A light bulb is selected at random find the probability that it will last for at least 4,000 hours

Solution Part A:

At least 4,000 means 4,000 or more.

Zscore = (4000-4500)/450 = -1.111

want P(z >= -1.111) = P(z <= 1.11) = 0.8665 is this Answer corect or at least the correct method?

Part B

20 brand X bulbs are selected at random find probability that at least 18 of them will last for more than 4,000 hours.

Solution Part B:

Use binomial probability with probability of success for each bulb 0.8665 from part A above.

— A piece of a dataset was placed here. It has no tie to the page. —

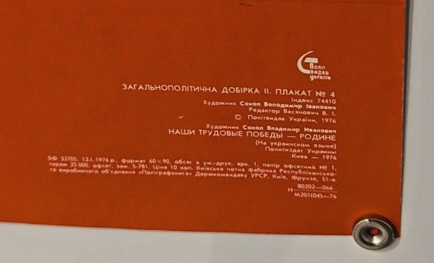 Welcome to Antique Poster Shop The poster is one of the most lively and, at the same time, the most complex areas in graphic design, in art. The Soviet poster is a truly unique phenomenon, and in different years the authors of famous posters were outstanding Soviet artists, leading people of their time. The best artists of their time worked on propaganda posters, famous poets wrote slogans - thus, unique graphic schools were formed. Nowhere in the world did they teach the poster purposefully and systematically, as it was in the USSR. Rare Soviet posters today have to be searched for in different countries of the world. It's a paradox, but what was created in only a few copies and is known only to collectors is sometimes easier to find than what was produced in thousands of copies. Of the millions of campaign posters that have adorned the streets, classrooms, classrooms and hospital corridors for many decades, only a few have survived. Posters of the Soviet era are not only original works of graphic art, antiques and antique graphics, original retro gifts and interior items, but also truly historical documents. SIZE – 36 / 24 INCHES OR 90 / 60 CENTIMETERS SLOGAN : Labor Victories for the Motherland! 1976 THE PAINTER IS Braz Anatoly Leonidovich Braz Anatoly Leonidovich (born in 1929) is a Moscow poster artist, illustrator, and writer. Member of the Union of Artists of the USSR. Studied at the Moscow M.I. Kalinin School of Industrial Art, then graduated from the Higher Pedagogical Department at the same school. Since the mid-1960s, the artist has been creating posters on occupational safety. He created a series of anti-alcohol posters, “For a Healthy Lifestyle.” He worked mainly as a graphic artist in Moscow publishing houses. Anatoly Braz is the author of famous agitational social and political posters: “Your beauty is in your work,” “Let everyone remember that a summer day feeds the year,” “Get rid of the parasite, the bureaucrat from the state apparatus,” “Make sure that the master doesn’t sneak into your construction site to get drunk,” “Be tempered like steel!” (1972), "On the Lenin Course" (1978, together with V.G. Pervov), "No to Neutron Madness!" (1981), "Do Not Allow It!" (1982). He gained worldwide fame thanks to his political posters dedicated to the struggle for peace and against nuclear weapons. Anatoly Braz's political posters were exhibited in Moscow, Warsaw, Bucharest, Havana, Paris, Stockholm and many other countries, and were published in the magazine "Agitator", the newspapers "Izvestia", and "Soviet Culture". Braz composed the slogans for his posters himself. Much later, in the post-perestroika period, Braz continued to work on creating posters, although they were no longer relevant. Braz's posters received well-deserved recognition from viewers and colleagues in the industry. "Dear colleague! I admire your work of exceptional posters and your, often full of fantasy, embodiment. "Thank you for giving me the opportunity to see them," wrote the great cartoonist Herluf Bidstrup during his visit to the master's workshop. A.L. Braz's posters are in the collection of the Russian State Library, private Russian and foreign collections. . Attention important information ////// A ttention important information //////////////////////////////////////////////////////////////////////////////////////////////////////////////////////////////////////////// Visit my store : https://www.ebay.com/str/originalfilm312/Poster/_i.html?store_cat=43231993011 In my store, all posters are very conveniently arranged by category. I combining shipping ( After selecting all posters. Write to me to send you an invoice including combined shipping . ) Will be shipped rolled in professional packaging and tracked delivery Some posters are undergoing professional restoration. But not all. If this is important for you, ask a question, this poster has been restored or not. Thank you //////////////////////////////////////////////////////////////////////////////////////////////////////////////////////////////////////////// Shipping Policy Item will be shipped immediately on the same or next business day of receiving the payment Shipping WorldWide through UKRAINE Posts Tracking number will be provided I am not responsible for any wrong or undeliverable address. Delivery to European countries usually takes about 10-17 days. Delivery to USA, CANADA , North America and other countries takes about 18-30 days. The delivery time depends on the destination, holidays, customs clearance factor and other factors.

prob at least 18 = prob 18 + prob 19 + prob 20

using (n choose r) * p^r * q^(n-r) with n = 20, r = 18, 19 and 20, p = 0.8665 from above, q = 1-0.8665 = 0.1335. summing them up for r=18, 19, 20 gives Answer of 0.4891. Is this Answer correct or at least the correct method?

Part C

Manufacturer of brand Y bulbs claims his bulbs have the same mean of brand X = 4,5000. Considering brand X mean 4500, standard deviation of 450 is normal population. Sample of size 25 of brand Y is randomly pulled with a found mean of 4310 hours

Test at the 5% level of significance, the hypothesis that the mean lifespan of Brand Y is the same as the mean of X. State clearly what the manfacturere of brand X can conclude about brand Y.


Two tailed test, 2.5% in each tail. Student T distribution is not on course, only Z. The critical Z for upper tail i +1.96, for lower tail -1.96

H0 mean X = mean Y
Halternative mean Y does not equal Mean y

Appeal to the Central Limit Theorem, one sample Z test.

z= (4310-4500)/(450/suareroot(25)) = (-190)/(90) = -2.11

This is outside the interval -1.96...1.96, Reject the null hypotheses, Manufacturer X conclude that the means of brand y are different to the means of brand X. Is this Answer correct or at least the correct method?

Part D

Find the p-value of the test performed in part (C) above and explain what this value represents in the context of the question.


The area in the upper tail with z = 2.11 is from the tables (1 - 0.9826) = 0.0174. by symmetry the area in the lower tail is also 0.0174. The area in the tails is twice this = 0.0348. This is the p value. This tells us that the probability of obtaining the sample mean of 4,310 hours is 0.0348 if the brand Y mean is the same as brand X. The required level of significance was 5%, the obtained p value, 0.0348 = 3.48% is less than 5% so reject the null hypothesis. Is this Answer correct or at least the correct method?

Many thanks for taking the time to read this.